Однако он, судя по выражению лица, ещё больше не ожидал увидеть именно меня. И явно остался разочарован.

Подняв голову от вороха бумажек, коими был завален весь его стол, бегло оглядел меня с ног до головы и даже рта открыть не дал.

— Сразу нет, — отрезал он хамоватым тоном и снова уткнулся в бумаги.

Ну и ладно. Я вернулась в приёмную.

— Не взял? — полюбопытствовала секретарша.

— Не взял.

Я не торопилась уходить, прислушиваясь к звукам в коридоре.

— Ну и радуйтесь, — утешила она. — Это на первый взгляд кажется, что работа там хорошая. Многие вообще думают, что отдыхать туда едут, как на турбазу. Лес же кругом, природа, Байкал рядом и при этом полный комфорт, все условия. Вот и рвутся туда на лето. А потом в ужасе сбегают. Ну а мы потом вот так среди сезона в спешке ищем замену, хватаем кого придётся…

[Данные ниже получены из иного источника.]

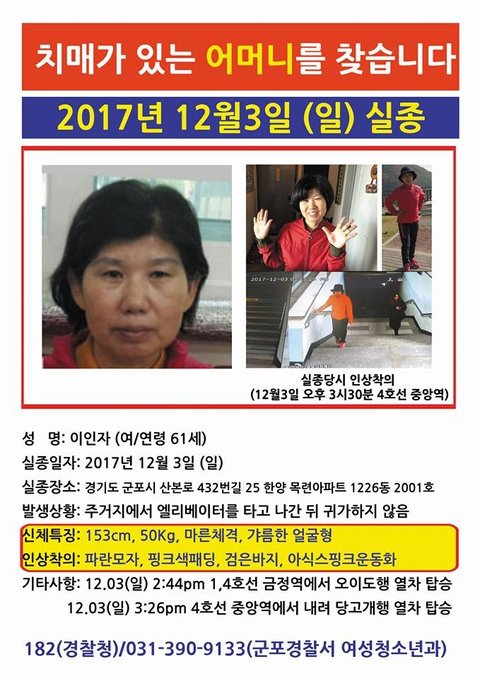 날씨도 계속 추워지는데 핸드폰도, 지갑도 아무것도 가지고 나가시지 않은 상황이라 연락도 할수 없는 상태입니다.. 혹시나 길가다, 노인정이나 복지센터, 치매요양병원이나 응급실 등등에서 보신분들은 계양경찰서나 군포경찰서 등 주변 경찰서에 연락해주시면 정말정말 감사하겠습니다..

Я без особого интереса, просто ради вежливости, спросила, подходя к окну:

— Почему сбегают в ужасе?

— Ну а как? Думаете, легко совладать с этими сынками? Они же с детства привыкли, что всё только для них. Других за людей не считают. Нормальные понятия для них не существуют. Их же почему, думаете, родители в наш лагерь отправляют? Потому что сами уже с ними не справляются. Избаловали, распустили, а теперь за голову хватаются, только поздно. Там такие экземпляры есть, что не дай бог. Такое творят — волосы дыбом! По большинству из них тюрьма плачет. Я серьёзно. А есть и такие, кого уже, как говорится, отмазали от судимостей. Зато вот эти люди считают себя элитой.

Я участливо покивала, хотя, если честно, не совсем понимала, про каких сынков она вообще толкует. Но готова была благодарно слушать любой бред этой женщины, лишь бы подольше отсюда не уходить. А та, видать, и впрямь наскучалась или просто сама по себе болтушка, потому что охотно продолжила:

— Родители их к нам отправляют вроде как на перевоспитание. Но я так скажу — невозможно никого перевоспитать. Особенно когда им уже под двадцать. И родители их сами это прекрасно знают. И сами давно поставили крест на своих отпрысках, просто хотят отдохнуть от них. Хотя бы пару месяцев пожить без скандалов, без позоров. Спокойно пожить, вот и всё. Или вот иногда ехать куда-то собираются за границу. А страшно же такого оставлять. Бед наворотит — не разгребёшь. Вот и сдают как багаж на хранение… — Женщина покачала головой. — У нас же за ними приглядят. Всё строго. Территория закрытая. В лагерь просто так не зайдешь, не выйдешь. Охраняют этих сынков у нас как царей. А вот что они там творят, родителей уже не касается. Деньги, говорят, платим, остальное — не наше дело.

То, что она рассказывала, для меня было настолько далеко и незнакомо, что проникнуться её горечью и разочарованием я, конечно, не могла. Но зато в голове засела фраза: территория закрытая, никто так просто не войдет и не выйдет…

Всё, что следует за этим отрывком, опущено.